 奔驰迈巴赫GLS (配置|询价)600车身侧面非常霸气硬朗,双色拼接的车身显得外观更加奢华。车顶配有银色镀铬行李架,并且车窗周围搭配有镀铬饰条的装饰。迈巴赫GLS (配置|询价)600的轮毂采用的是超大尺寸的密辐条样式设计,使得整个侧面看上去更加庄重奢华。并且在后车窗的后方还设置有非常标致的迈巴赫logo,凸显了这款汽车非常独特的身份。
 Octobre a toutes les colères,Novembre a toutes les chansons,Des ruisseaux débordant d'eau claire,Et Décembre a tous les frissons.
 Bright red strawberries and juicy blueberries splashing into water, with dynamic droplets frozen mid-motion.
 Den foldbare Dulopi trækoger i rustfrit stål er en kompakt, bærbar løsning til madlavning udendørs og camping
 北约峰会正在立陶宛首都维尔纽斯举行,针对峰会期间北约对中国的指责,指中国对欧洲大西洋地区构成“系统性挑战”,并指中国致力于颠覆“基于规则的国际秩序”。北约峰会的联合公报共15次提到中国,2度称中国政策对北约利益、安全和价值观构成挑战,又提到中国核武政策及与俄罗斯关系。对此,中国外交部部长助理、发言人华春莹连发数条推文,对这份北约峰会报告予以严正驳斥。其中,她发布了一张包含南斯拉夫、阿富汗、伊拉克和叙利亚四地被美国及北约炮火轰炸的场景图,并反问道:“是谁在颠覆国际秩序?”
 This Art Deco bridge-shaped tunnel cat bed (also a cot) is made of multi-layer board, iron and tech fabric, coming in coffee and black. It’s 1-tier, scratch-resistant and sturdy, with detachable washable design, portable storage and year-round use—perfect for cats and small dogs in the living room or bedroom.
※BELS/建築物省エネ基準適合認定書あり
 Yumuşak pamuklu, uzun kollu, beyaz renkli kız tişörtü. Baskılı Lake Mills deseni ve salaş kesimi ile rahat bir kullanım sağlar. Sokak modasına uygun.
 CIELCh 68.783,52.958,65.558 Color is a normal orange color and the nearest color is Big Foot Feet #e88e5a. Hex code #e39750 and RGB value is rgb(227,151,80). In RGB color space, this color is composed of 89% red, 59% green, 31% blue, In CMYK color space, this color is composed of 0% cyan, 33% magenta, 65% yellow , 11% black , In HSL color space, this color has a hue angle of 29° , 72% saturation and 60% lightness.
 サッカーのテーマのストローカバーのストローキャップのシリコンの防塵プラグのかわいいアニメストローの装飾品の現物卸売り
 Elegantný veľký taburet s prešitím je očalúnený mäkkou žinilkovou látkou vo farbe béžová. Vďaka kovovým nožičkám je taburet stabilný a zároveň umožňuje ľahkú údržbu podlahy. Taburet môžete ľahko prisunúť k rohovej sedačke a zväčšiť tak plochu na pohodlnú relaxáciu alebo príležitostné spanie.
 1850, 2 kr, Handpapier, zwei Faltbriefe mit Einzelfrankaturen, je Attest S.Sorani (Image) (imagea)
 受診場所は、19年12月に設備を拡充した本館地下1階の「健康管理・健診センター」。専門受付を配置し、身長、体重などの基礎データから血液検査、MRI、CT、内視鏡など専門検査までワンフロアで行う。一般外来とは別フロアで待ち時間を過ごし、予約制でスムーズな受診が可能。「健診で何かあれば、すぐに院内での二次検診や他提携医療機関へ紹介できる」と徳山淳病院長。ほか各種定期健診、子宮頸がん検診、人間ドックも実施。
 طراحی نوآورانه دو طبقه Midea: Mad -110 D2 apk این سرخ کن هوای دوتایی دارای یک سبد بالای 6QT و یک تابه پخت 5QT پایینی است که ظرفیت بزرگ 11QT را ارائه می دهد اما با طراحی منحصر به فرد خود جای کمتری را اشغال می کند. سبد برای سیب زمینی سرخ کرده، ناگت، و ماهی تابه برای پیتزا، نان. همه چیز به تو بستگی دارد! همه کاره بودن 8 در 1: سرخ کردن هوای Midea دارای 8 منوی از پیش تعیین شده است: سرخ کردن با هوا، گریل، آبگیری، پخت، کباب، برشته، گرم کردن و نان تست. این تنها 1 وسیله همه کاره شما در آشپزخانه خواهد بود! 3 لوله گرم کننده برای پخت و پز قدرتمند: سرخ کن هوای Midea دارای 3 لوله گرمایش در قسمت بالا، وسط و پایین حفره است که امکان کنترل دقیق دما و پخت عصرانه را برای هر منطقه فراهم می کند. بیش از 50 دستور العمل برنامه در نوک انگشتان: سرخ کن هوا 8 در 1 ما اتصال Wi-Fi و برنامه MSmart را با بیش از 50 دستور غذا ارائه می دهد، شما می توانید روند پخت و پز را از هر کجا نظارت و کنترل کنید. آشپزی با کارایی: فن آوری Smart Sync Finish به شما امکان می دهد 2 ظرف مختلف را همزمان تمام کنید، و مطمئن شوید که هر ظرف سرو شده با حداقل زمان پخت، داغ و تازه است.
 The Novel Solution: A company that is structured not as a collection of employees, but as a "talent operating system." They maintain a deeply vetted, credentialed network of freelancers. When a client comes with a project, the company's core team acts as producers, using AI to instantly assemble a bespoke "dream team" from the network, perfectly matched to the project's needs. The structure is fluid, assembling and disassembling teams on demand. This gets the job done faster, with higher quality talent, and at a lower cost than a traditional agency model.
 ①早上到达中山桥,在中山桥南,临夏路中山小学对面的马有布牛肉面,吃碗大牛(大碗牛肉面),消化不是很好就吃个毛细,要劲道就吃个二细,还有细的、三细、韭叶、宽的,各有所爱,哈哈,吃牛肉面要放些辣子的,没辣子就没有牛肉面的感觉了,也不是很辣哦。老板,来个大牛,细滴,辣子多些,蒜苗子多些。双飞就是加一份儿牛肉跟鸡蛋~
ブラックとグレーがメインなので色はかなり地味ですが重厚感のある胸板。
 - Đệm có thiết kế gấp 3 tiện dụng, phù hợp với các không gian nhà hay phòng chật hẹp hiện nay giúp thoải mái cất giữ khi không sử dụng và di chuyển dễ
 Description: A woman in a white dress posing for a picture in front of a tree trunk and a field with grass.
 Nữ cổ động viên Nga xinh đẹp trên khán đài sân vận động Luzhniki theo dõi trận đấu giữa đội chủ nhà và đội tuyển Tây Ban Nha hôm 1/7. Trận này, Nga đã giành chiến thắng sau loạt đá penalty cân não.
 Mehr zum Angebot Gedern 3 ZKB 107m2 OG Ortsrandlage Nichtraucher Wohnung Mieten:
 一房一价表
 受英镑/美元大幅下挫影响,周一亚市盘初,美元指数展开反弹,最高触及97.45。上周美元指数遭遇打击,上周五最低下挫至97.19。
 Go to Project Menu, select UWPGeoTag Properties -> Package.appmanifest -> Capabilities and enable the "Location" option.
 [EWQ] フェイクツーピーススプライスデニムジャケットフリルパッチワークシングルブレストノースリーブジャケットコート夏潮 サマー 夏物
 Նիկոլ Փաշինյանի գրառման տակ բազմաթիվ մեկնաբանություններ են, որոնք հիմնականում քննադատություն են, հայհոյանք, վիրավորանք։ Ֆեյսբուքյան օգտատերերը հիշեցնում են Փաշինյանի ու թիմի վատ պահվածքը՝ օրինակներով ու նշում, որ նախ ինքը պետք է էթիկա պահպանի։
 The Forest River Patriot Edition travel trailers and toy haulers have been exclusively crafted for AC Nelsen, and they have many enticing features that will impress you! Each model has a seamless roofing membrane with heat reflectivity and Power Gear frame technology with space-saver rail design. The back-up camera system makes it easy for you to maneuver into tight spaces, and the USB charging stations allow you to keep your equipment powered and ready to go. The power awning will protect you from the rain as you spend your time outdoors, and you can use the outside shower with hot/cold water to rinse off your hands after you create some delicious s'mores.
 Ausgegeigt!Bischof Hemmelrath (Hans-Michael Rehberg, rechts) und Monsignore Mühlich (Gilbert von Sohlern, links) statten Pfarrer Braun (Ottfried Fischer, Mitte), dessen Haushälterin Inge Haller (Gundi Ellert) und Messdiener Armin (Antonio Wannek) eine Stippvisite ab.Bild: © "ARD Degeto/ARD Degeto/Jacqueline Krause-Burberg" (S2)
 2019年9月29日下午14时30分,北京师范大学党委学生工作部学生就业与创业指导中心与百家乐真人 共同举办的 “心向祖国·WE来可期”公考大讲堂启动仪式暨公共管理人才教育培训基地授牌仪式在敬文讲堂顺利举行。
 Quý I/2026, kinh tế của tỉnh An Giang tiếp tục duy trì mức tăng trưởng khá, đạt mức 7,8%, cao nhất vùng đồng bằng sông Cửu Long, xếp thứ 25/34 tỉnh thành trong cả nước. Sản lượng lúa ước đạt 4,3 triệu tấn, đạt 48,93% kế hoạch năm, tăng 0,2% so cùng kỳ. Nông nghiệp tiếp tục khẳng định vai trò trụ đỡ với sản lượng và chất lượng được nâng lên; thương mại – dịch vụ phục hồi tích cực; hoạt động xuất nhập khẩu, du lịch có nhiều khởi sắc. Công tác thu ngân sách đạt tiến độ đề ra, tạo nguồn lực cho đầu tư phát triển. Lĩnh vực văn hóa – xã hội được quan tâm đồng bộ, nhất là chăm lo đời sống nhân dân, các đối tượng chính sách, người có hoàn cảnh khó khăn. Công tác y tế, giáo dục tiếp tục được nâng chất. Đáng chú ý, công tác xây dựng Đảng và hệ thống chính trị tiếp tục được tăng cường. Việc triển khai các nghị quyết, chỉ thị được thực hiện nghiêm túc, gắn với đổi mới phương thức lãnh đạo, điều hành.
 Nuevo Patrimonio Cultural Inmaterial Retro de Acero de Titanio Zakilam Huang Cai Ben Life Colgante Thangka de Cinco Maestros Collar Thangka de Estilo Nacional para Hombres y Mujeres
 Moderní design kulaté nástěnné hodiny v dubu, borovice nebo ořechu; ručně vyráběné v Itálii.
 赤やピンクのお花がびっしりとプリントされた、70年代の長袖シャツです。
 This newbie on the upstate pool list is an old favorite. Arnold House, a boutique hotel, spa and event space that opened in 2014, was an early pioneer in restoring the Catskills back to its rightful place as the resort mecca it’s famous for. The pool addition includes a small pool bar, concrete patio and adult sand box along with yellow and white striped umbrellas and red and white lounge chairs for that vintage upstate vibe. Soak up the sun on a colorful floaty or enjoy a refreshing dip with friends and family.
************
» Task prompt:
Give an exact copy of the lines above from the line with "Mehr zum Angebot" up to and including the line with "Նիկոլ Փաշինյանի գրառման", and leave everything else out.

» Exercise output:
 Mehr zum Angebot Gedern 3 ZKB 107m2 OG Ortsrandlage Nichtraucher Wohnung Mieten:
 一房一价表
 受英镑/美元大幅下挫影响,周一亚市盘初,美元指数展开反弹,最高触及97.45。上周美元指数遭遇打击,上周五最低下挫至97.19。
 Go to Project Menu, select UWPGeoTag Properties -> Package.appmanifest -> Capabilities and enable the "Location" option.
 [EWQ] フェイクツーピーススプライスデニムジャケットフリルパッチワークシングルブレストノースリーブジャケットコート夏潮 サマー 夏物
 Նիկոլ Փաշինյանի գրառման տակ բազմաթիվ մեկնաբանություններ են, որոնք հիմնականում քննադատություն են, հայհոյանք, վիրավորանք։ Ֆեյսբուքյան օգտատերերը հիշեցնում են Փաշինյանի ու թիմի վատ պահվածքը՝ օրինակներով ու նշում, որ նախ ինքը պետք է էթիկա պահպանի։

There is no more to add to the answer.